Probiotic potential of β‑galactosidase‑producing lactic acid bacteria from fermented milk and their molecular characterization

Abstract

Probiotics have attained significant interest in recent years as a result of their gut microbiome modulation and gastrointestinal health benefits. Numerous fermented foods contain lactic acid bacteria (LAB) which are considered as GRAS and probiotic bacteria. The present study aimed to investigate indigenous LAB from homemade fermented milk samples collected in remote areas of Karnataka (India), in order to isolate the most potent and well-adapted to local environmental conditions bacteria, which were then evaluated using a step-by-step approach focused on the evaluation of probiotic traits and β-galactosidase-producing ability. LAB were screened using 5-bromo-4-chloro-3-indole-D-galactopyranoside (X-Gal) and O-nitrophenyl-β-D-galactopyranoside (ONPG) as substrate, and exhibited β-galactosidase activity ranging from 728.25 to 1,203.32 Miller units. The most promising isolates were selected for 16S rRNA gene sequence analysis and identified as Lactiplantibacillus plantarum, Limosilactobacillus fermentum, Lactiplantibacillus pentosus and Lactiplantibacillus sp. Furthermore, these isolates were evaluated by in vitro, viz., survival in gastrointestinal tract, antibiotic susceptibility, antimicrobial activity, cell surface characteristics, and haemolytic activity. All eight isolates demonstrated strong adherence and prevented pathogen penetration into HT-29 cells, indicating potential of the bacteria to scale up industrial level production of milk products for lactose intolerants.

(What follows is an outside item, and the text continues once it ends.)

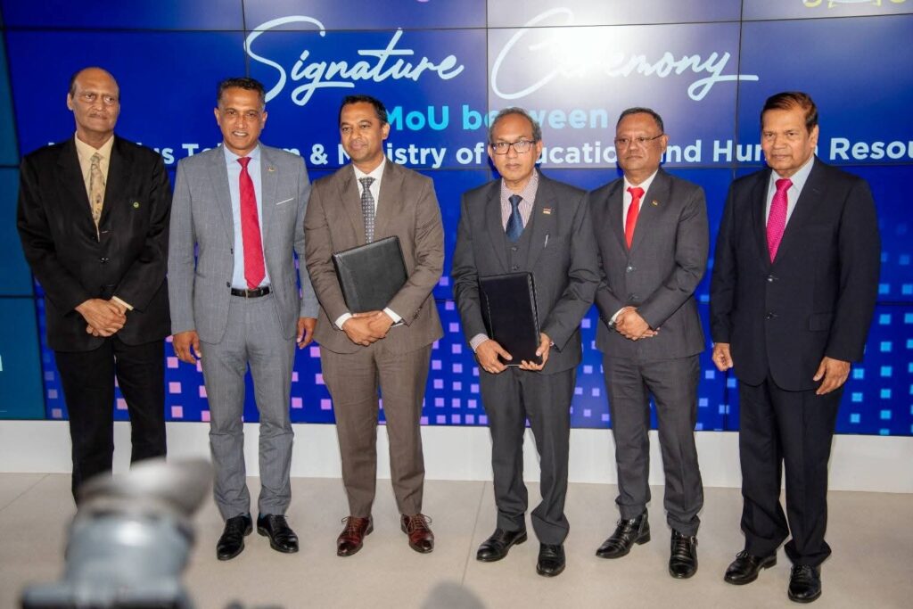 The Minister of Education and Human Resource, Dr Mahend Gungapersad; the Minister of Information Technology, Communication and Innovation, Dr Avinash Ramtohul; and other personalities were present at the signing ceremony.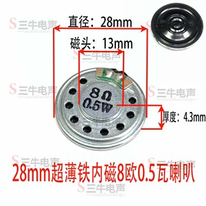 28mm超薄铁内磁8欧0.5瓦喇叭

Keywords: GenBank; HT-29 cells; LAB; ONPG; X-Gal; lactose intolerance; probiotic; β-galactosidase.

Figure 1

(A) Bacterial colonies (deep grey colour) were identified on a de Man, Rogosa and Sharpe agar plate containing 5-bromo-4-chloro-3-indole-D-galactopyranoside, for β-galactosidase production. (B) β-Galactosidase production and bar graph represents β-galactosidase activity of Lactiplantibacillus isolates in Miller units. Bar graph was plotted incorporating the sample mean (n=3) and error bar (standard deviation of individual isolate).

Figure 2

Carbohydrate fermentation profile of Lactiplantibacillus isolates.

Figure 3

Phylogenetic neighbor-joining tree based on the 16S rDNA sequences (~1,300-1,500 bp) of the eight selected lactic acid bacteria strains of curd samples based on the results of alignment. The scale bar represents 0.10 nucleotide substitutes per position.

Figure 4

Gastric, bile, and pancreatic juice tolerance tests of Lactiplantibacillus isolates, expressed as percentages [the bar graph was plotted incorporating the sample mean (n=3) and error bar of individual isolates].

Figure 5

(A) Hydrophobicity of Lactiplantibacillus isolates with xylene and chloroform. (B) Auto-aggregation expressed as a percentage after each hour of incubation. (C) Co-aggregation expressed as a percentage after 5 h of incubation with E. coli and L. monocytogenes. (D) HT-29 cell adhesion of Lactiplantibacillus isolates expressed as a percentage after 3 h of incubation. E. coli, Escherichia coli; L. monocytogenes, Listeria monocytogenes.

Figure 6

(Aa) Control HT-29 cell line monolayer and (Ab) arrow showing adhered Gram-positive Lactiplantibacillus isolate to HT-29 cells (magnification, x1,000). (B) HT-29 cell invasion of human pathogens E. coli and L. monocytogenes expressed as a percentage after 3 h of incubation with Lactiplantibacillus spp. E. coli, Escherichia coli; L. monocytogenes, Listeria monocytogenes.